_Provided information_
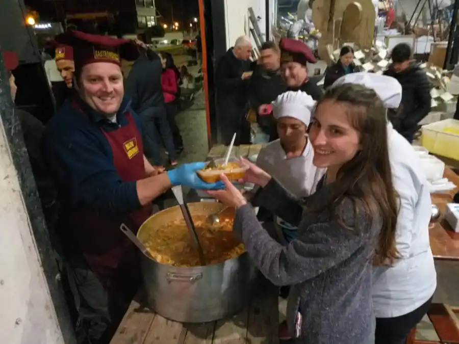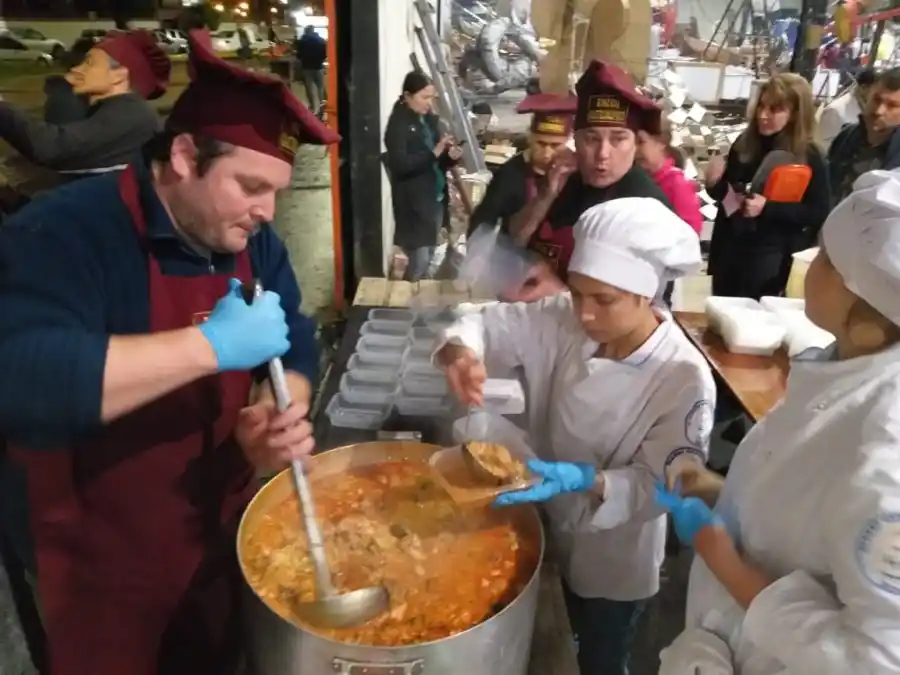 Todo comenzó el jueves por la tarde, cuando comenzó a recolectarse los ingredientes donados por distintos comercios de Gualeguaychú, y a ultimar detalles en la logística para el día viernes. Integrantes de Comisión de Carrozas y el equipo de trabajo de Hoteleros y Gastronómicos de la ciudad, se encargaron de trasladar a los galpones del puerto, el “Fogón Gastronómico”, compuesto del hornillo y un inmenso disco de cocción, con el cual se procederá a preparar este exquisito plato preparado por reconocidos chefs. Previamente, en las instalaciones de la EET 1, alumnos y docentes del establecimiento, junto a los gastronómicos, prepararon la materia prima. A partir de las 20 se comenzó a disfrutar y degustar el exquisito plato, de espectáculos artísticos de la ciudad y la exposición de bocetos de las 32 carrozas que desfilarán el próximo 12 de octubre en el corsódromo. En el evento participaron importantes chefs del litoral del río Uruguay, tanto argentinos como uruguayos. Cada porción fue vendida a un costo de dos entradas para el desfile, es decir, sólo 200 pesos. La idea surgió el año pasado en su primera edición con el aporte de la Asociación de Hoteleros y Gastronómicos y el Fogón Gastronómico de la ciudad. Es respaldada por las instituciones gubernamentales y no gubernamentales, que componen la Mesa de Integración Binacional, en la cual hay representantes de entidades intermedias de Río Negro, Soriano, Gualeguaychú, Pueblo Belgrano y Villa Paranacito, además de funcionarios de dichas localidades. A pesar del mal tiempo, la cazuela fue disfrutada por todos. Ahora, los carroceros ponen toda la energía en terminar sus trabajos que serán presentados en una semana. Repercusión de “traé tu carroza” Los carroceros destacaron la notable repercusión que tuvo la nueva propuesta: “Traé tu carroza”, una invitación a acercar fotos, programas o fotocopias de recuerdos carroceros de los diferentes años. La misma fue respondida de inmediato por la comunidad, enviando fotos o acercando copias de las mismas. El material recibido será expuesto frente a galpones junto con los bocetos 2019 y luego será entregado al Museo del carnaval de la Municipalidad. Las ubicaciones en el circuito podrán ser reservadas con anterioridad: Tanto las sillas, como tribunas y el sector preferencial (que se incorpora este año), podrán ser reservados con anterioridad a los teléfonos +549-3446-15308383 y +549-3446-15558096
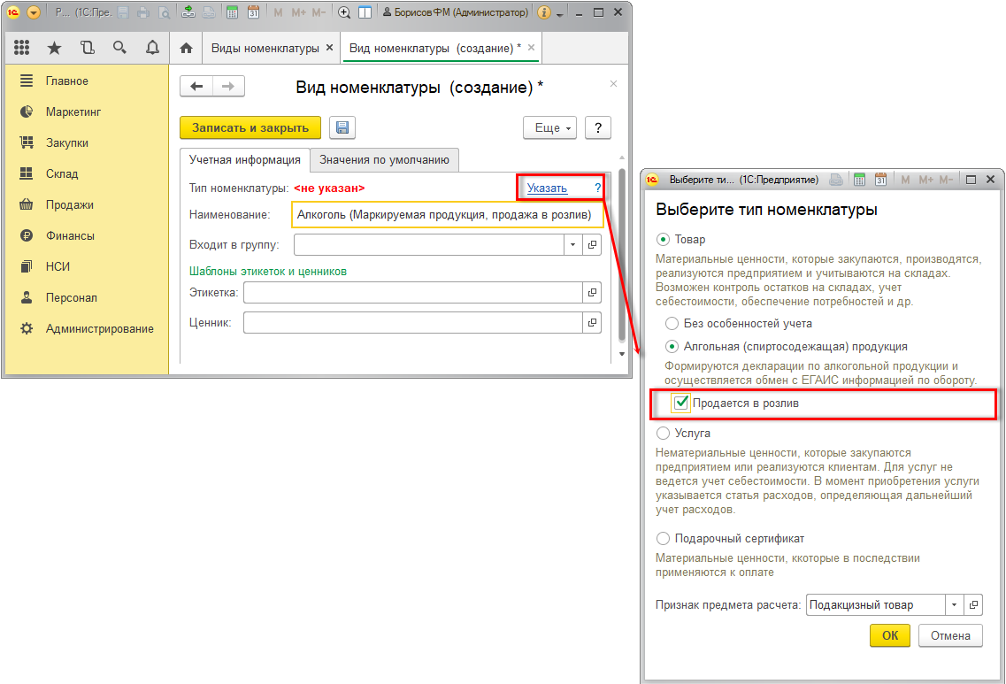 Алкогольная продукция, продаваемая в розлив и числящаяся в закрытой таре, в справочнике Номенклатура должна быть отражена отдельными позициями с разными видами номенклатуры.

==

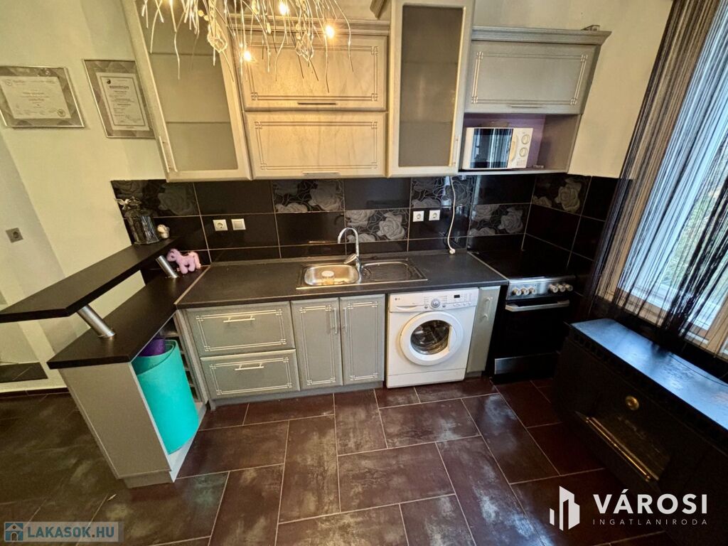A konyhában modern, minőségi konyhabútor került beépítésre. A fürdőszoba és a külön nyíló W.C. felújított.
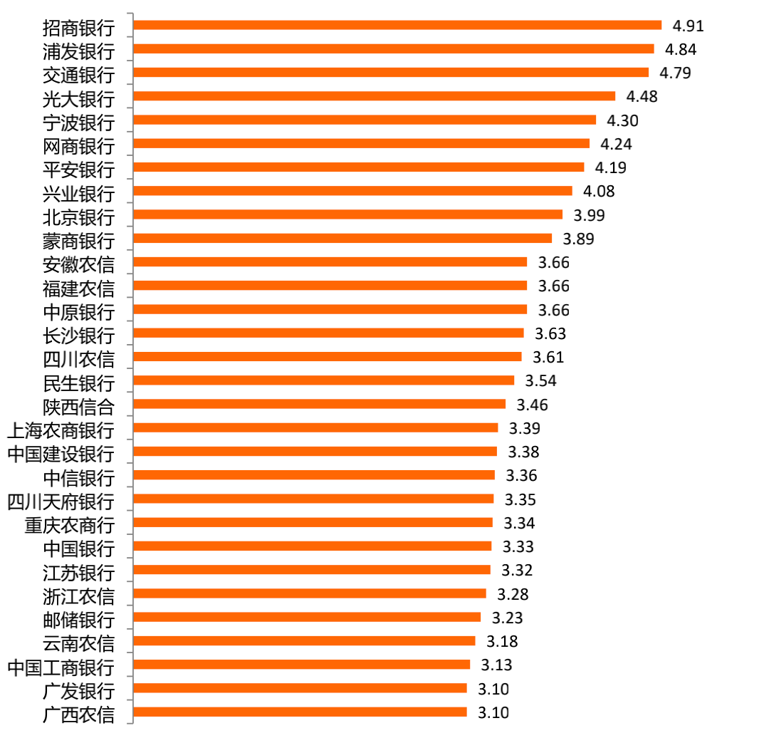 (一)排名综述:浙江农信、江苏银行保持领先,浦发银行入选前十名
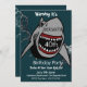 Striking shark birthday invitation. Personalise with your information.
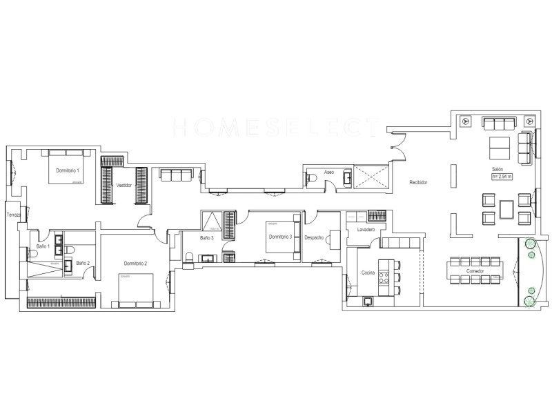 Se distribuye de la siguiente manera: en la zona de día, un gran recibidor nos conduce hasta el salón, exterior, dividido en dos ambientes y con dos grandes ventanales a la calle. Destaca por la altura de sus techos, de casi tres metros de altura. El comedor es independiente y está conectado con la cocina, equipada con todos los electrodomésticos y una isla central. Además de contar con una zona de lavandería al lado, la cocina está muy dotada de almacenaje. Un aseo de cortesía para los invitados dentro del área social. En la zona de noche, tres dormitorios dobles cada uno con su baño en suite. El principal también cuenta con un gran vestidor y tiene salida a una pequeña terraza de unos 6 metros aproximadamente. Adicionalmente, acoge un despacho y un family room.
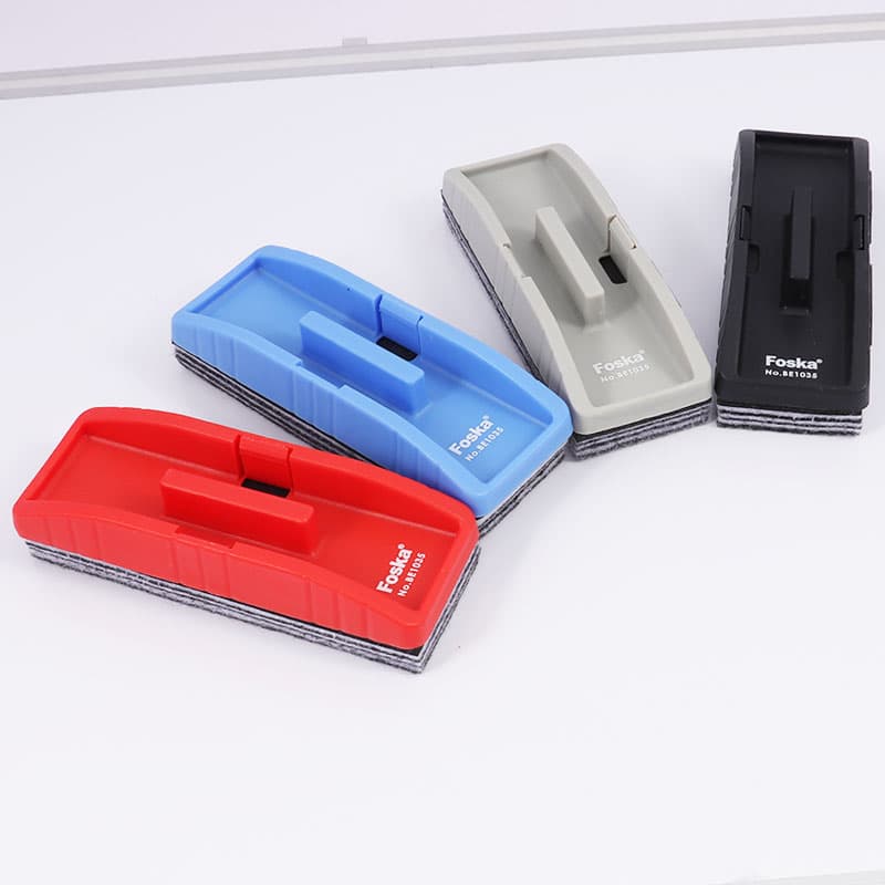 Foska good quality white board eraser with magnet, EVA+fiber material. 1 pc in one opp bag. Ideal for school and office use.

_Problem to solve_
Each line from the one that contains "A konyhában modern, minőségi" down to the one that contains "Striking shark birthday" is to be returned exactly as it stands above, both ends included, with pictures removed.

_Task answer_
A konyhában modern, minőségi konyhabútor került beépítésre. A fürdőszoba és a külön nyíló W.C. felújított.
 (一)排名综述:浙江农信、江苏银行保持领先,浦发银行入选前十名
 Striking shark birthday invitation. Personalise with your information.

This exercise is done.